Processing Configuration Files
Nokogiri can parse various XML configuration files like Travis CI, Jekyll, Docker and extract settings for consumption inside Ruby programs.
For example, .travis.yml:
require ‘nokogiri‘
yaml = File.read(‘.travis.yml‘)
doc = Nokogiri::XML(yaml)
config = {}
doc.search(‘//env‘).each do |node|
config[node[‘name‘]] = node[‘value‘]
end
p config # Prints environment configs
Writing Testing Tools
For testing frameworks and assertions, comparison of HTML/XML content is useful.

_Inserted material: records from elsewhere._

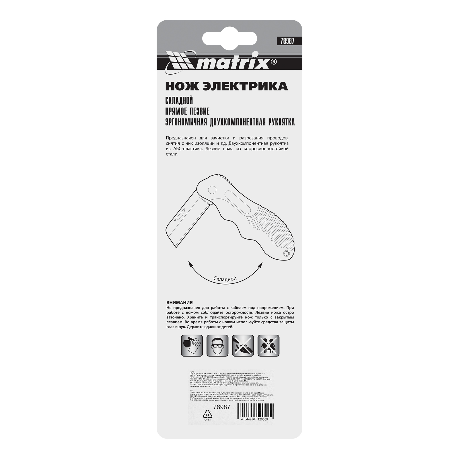 Складной нож электрика Matrix 78987 с прямым лезвием и эргономичной двухкомпонентной рукояткой используется для рассечения проводов и снятия с них изоляции. Прямое лезвие длиной 60 мм удобно для работы в стесненных условиях. Инструмент предназначен для электромонтажных работ, подходит для бытового применения.
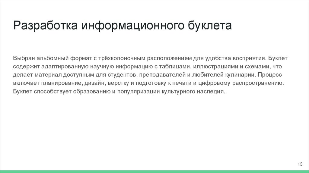Разработка информационного буклетаВыбран альбомный формат с трёхколоночным расположением для удобства восприятия. Буклет
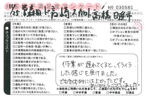 1/4 引越 営業:森田 ドライバー:日原 スタッフ:小野* とても満足です!!ありがとうございました。
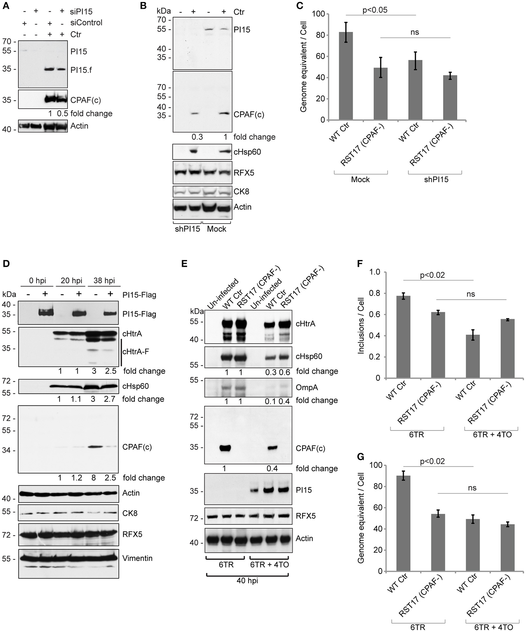 HeLa and 293T cells were grown in RPMI 1640 media and 10% fetal bovine serum (FBS) at 37°C and 5% CO2. T-REx-293 cells (Invitrogen) were grown in presence of Tetracycline negative FBS (Gibco-BRL) and desired antibiotics (Zeocin and/or Blasticidin). For induction of PI15 expression in T-REx-293 cells, cells were cultured with 0.2 μg/ml of doxycycline for 2 days. These cells were washed with PBS twice before Chlamydia infection. All the cell types were generally infected with C. trachomatis (L2) at a multiplicity of infection (MOI) of 1 unless otherwise specified. Chlamydia infectious progeny was determined by using EB preparations for a second round of infection and subsequent quantification of the secondary progeny by both immunoblotting and immunostaining techniques (Prusty et al., 2013). For immunostaining-based progeny calculation, total number of inclusions were calculated within a frame and were divided by total number of cells (counted from DAPI staining) to get the average inclusion numbers per cell.
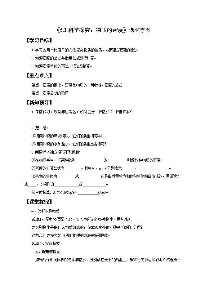 沪科版 八年级物理全册教科书 5.3科学探究:物质的密度
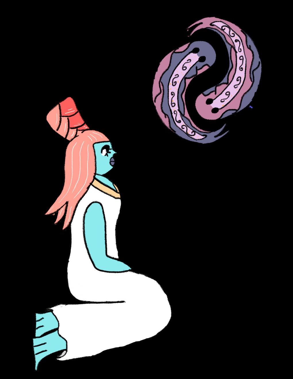 De rodillas, dos mentes y dos espíritus se unen en uno clamando a los dioses por ayuda.
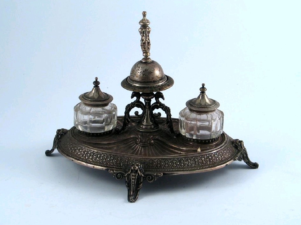 A late 19th century continental ink stand, with an oval base and four feet, fitted with a central stand surrounded by a detachable bell and flanked by two mounted cut glass inkwells with rising covers, inscribed, probably German, 11.6in (29cm), 12oz weighable silver.
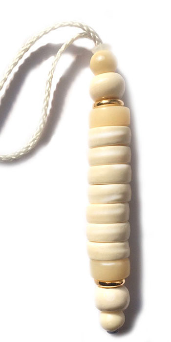 Namaste est un chapelet de prière Népalais avec 9 éléments faits en os. C’est un objet  chargé en énergie positive il vous surveille, guide et protège. Il est fait main par l’atelier TOTMANI et proposé en 4 couleurs, chaque couleur a sa puissance et efficacité.
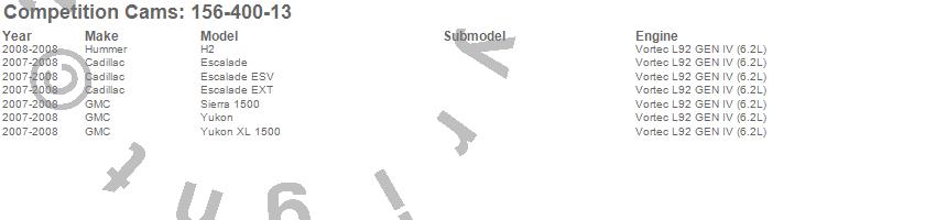 Below is an abreviated list of applications for the Xtreme Fuel Injection SPR Camshaft.
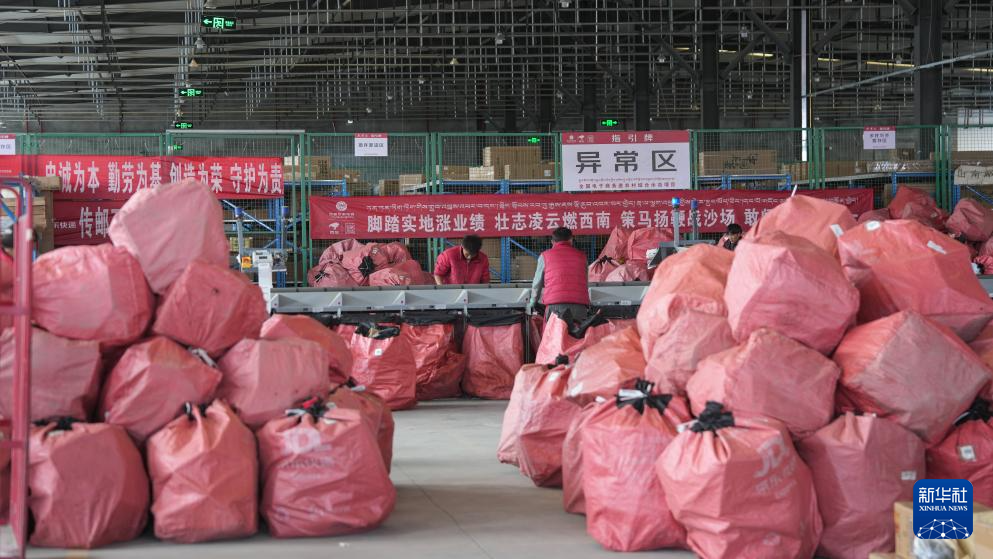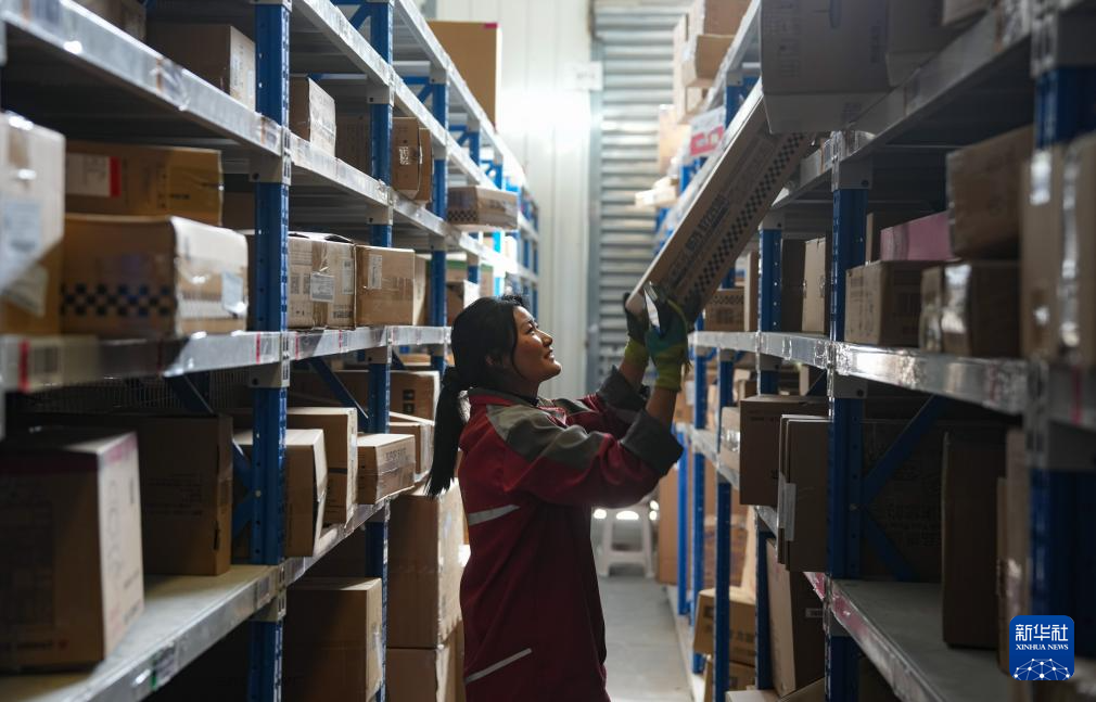 在位于堆龍德慶區(qū)近郊的拉薩城投物流園區(qū),京東物流工作人員在分揀商品(3月5日攝)。新華社記者晉美多吉攝
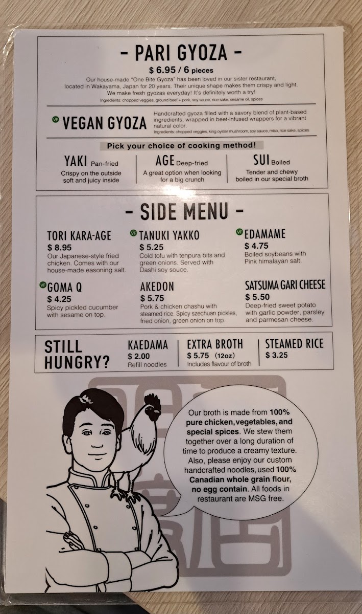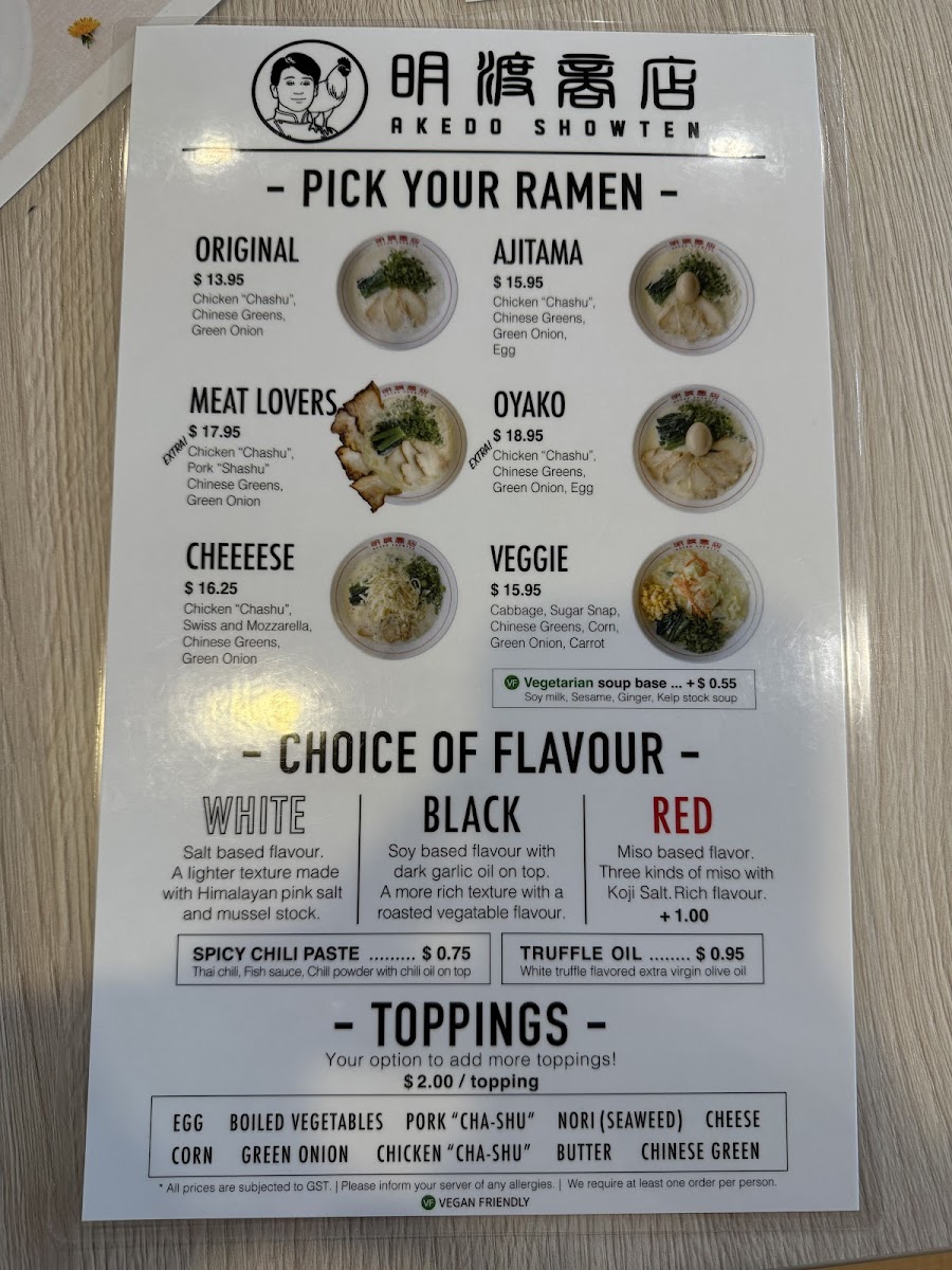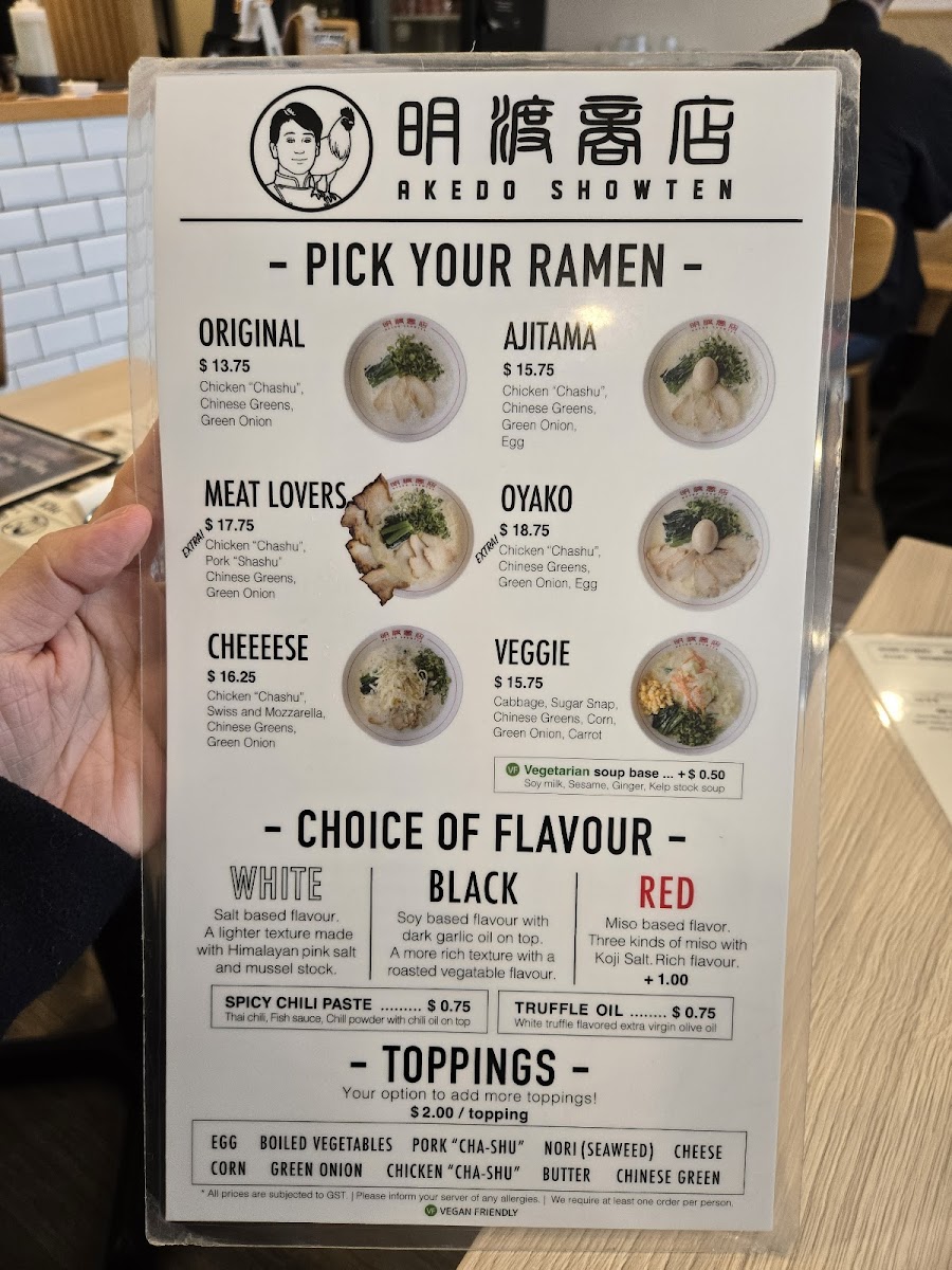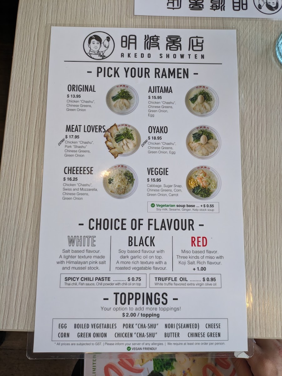 The menu at Akedo Showten RamenGyoza features a selection of Japanese-style dishes centered on ramen and gyoza, catering to a range of tastes including meat lovers, vegetarians, and those seeking traditional Japanese flavors. The ramen offerings include various broths and toppings such as pork and chicken chashu, ajitsuke tamago (seasoned egg), and a variety of vegetables. Signature items include the Ajitama Ramen with Black Flavour, Meat Lovers Ramen, Veggie Ramen, and Oyako Ramen. Customers can also customize their ramen with additional toppings like cheese, corn, nori, and spicy sauces.

Nokogiri provides matchers for this:
# expected.rb
require ‘nokogiri‘
doc = Nokogiri::XML(...)
exp_xml = doc.to_xml
# actual.rb
require ‘test/unit‘
require ‘nokogiri‘
class TestingExample < Test::Unit::TestCase
def test_match
act_xml = generate_xml()
assert_equal exp_xml, act_xml, "Expected XML does not match actual"
# Other Nokogiri Matchers
# assert_xml_equal
# assert_xml_identical
end
end
This shows usage of Nokogiri for building testing tools for XML/HTML comparisons.
Conclusion
Nokogiri is an indispensable tool for processing XML and HTML documents in Ruby. It has a powerful search API via XPath and CSS patterns along with options to edit, generate or convert documents.
Some examples we covered:
- Parse/load XML from files, strings or URLs
- Query documents using XPath
- Modify documents – add/update/delete nodes
- Convert XML to JSON
- HTML parsing for web scraping
- Build testing tools for comparisons
- Process configuration files
Nokogiri provides a mature way to tackle many XML/HTML related tasks in Ruby with performance and stability across platforms. For production systems involving document processing, do consider using it over regular expressions or string manipulation.